# 1947 DKW Pics



## Hoggy (May 8, 2002)

Hi, A mate of mine 1947 DKW, 3 cylinder 2 stroke. 4 Rings but Pre Auto Union, Pre Audi.
click to enlarge.

























Hoggy.


----------



## dextter (Oct 29, 2007)

Nice one Hoggy; so would that be classed as an early Audi then, or a pre-Audi, as such ?


----------



## cherie (Oct 23, 2014)

Aww, that is lovely.


----------



## Spandex (Feb 20, 2009)

dextter said:


> Nice one Hoggy; so would that be classed as an early Audi then, or a pre-Audi, as such ?
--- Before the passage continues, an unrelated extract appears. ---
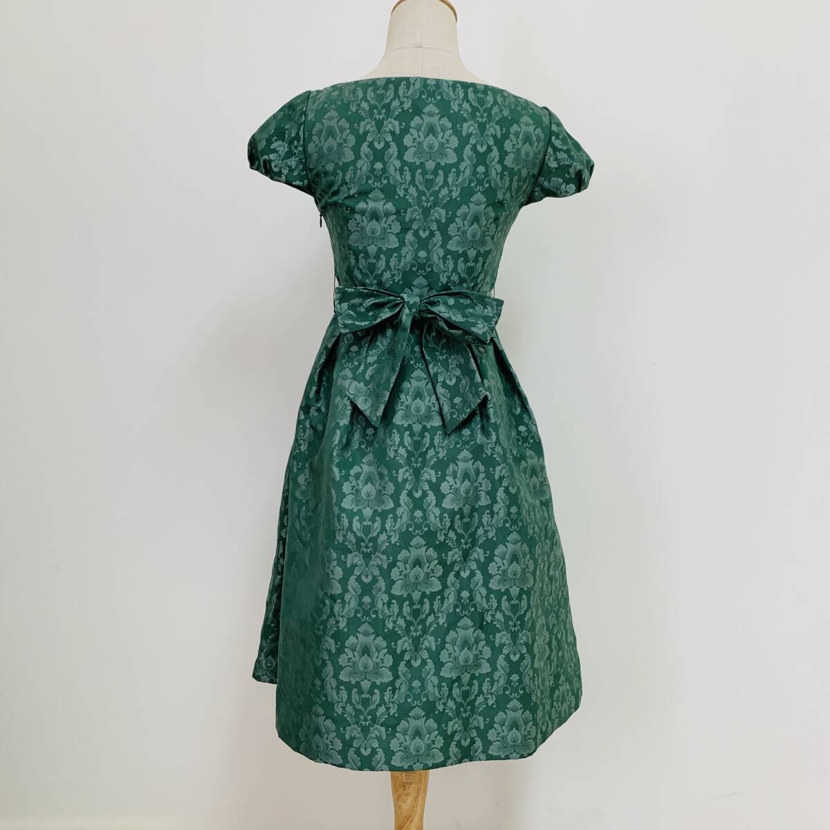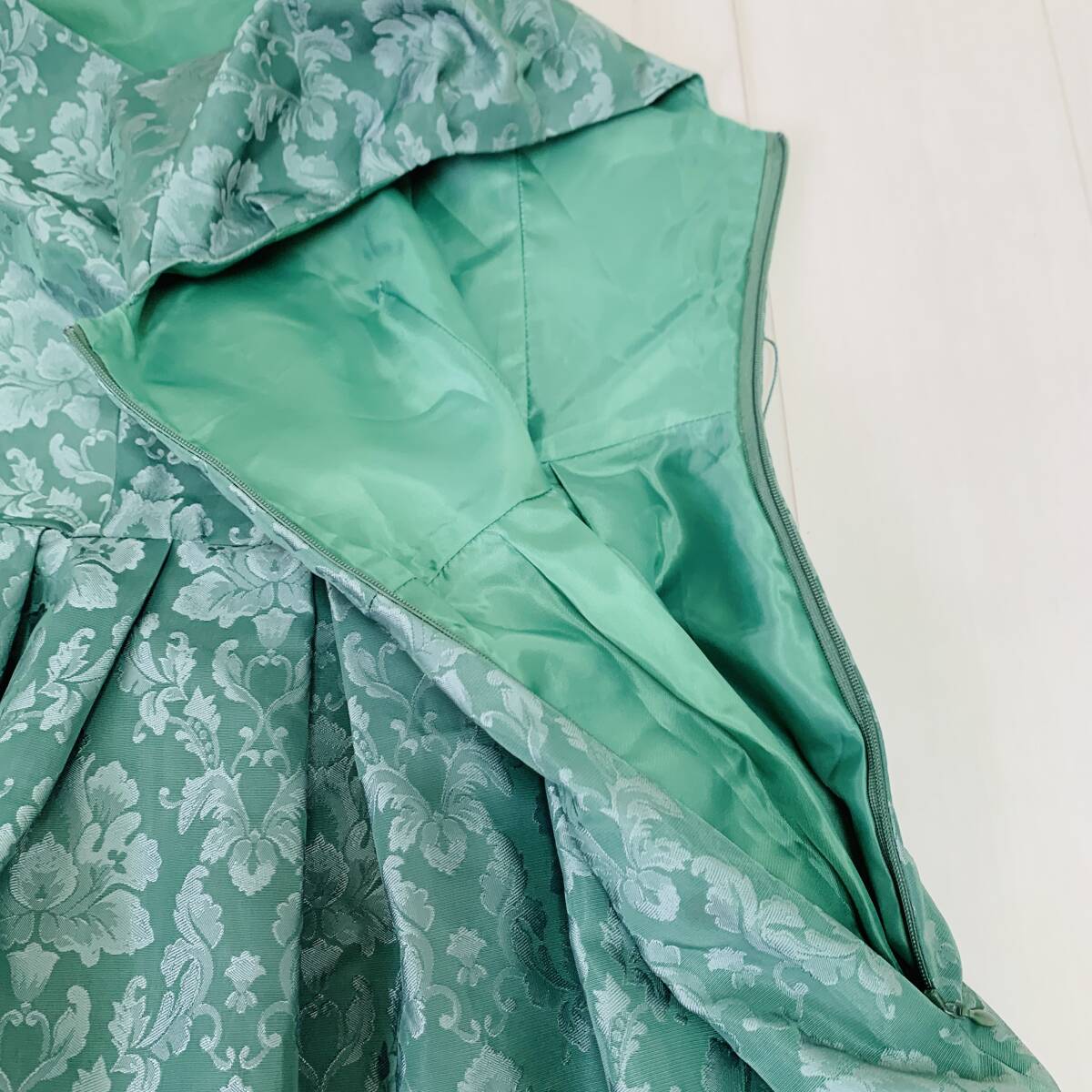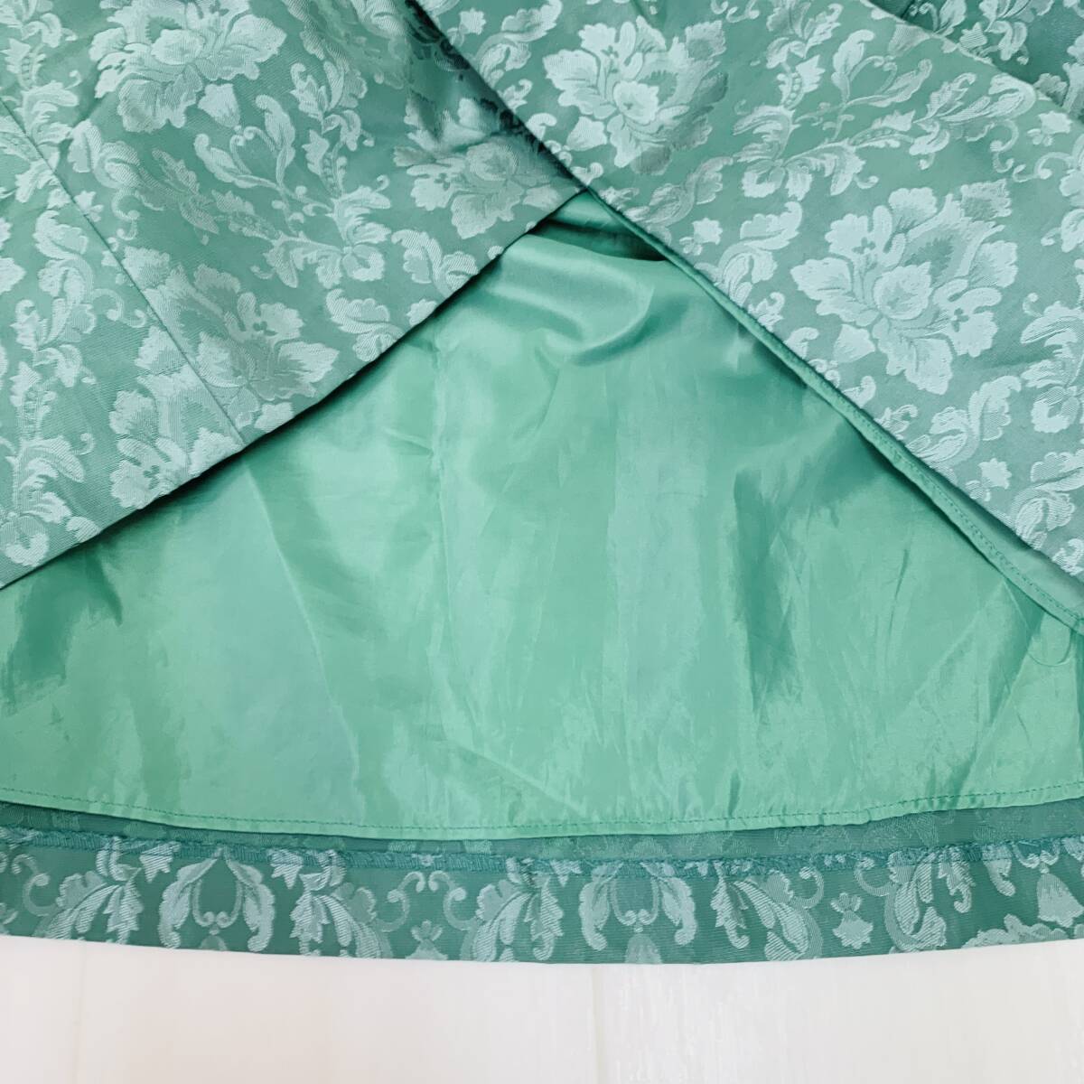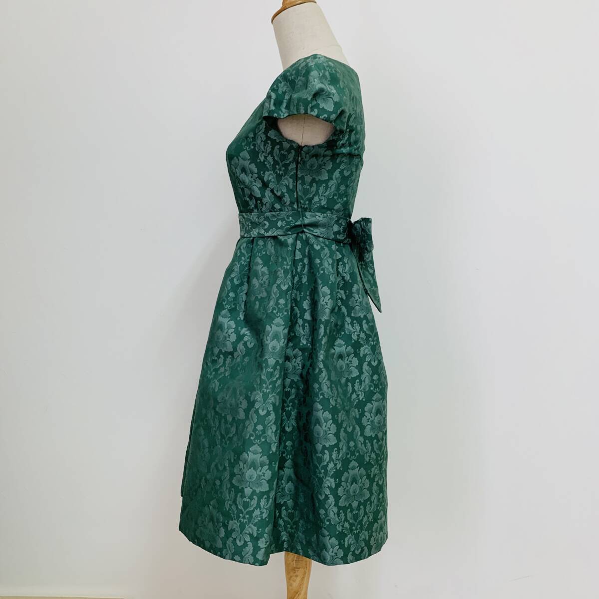 YH2362 美品 STRAWBERRY-FIELDS レディース 日本製 総花柄 半袖 ワンピース ドレス グリーン 緑 2サイズ 膝丈 裏地 万能 USED 古着

According to Wikipedia, Audi existed before DKW, but in 1932 they merged (along with Horch and Wanderer) to form Auto Union. This DKW was built after this merger and has the four rings with 'Auto Union' written over them. Prior to 1932 the DKW emblem didn't have the rings or the Auto Union text.

Great looking car, with an unfortunate plate...


----------



## bigdodge (Apr 22, 2012)

I think its horrible looking - I just don't find classic cars attractive at all. Having said that I think the owner should be credit for its good condition


----------



## conlechi (May 6, 2006)

Very nice 8)


----------



## YELLOW_TT (Feb 25, 2004)

8)


----------



## j8keith (Jun 26, 2009)

A real credit to the owner for its amazing condition.


----------



## leopard (May 1, 2015)

If you squint your eyes sort of Morris minor/Citroën 2 cv ish.Lovely, and rare in this condition no doubt.


----------



## Von Twinzig (Feb 10, 2014)

Nice.

My dad had an early 60's 1000S, similar shape. Two shades of grey/green IIRC. So cool when other dads had Cortina's and Viva's.

VT


----------



## Bryndel (Apr 12, 2015)

That's really nice.... and not the 'normal' type of classic you see ... I bet the engine would be a joy to work on 8)


----------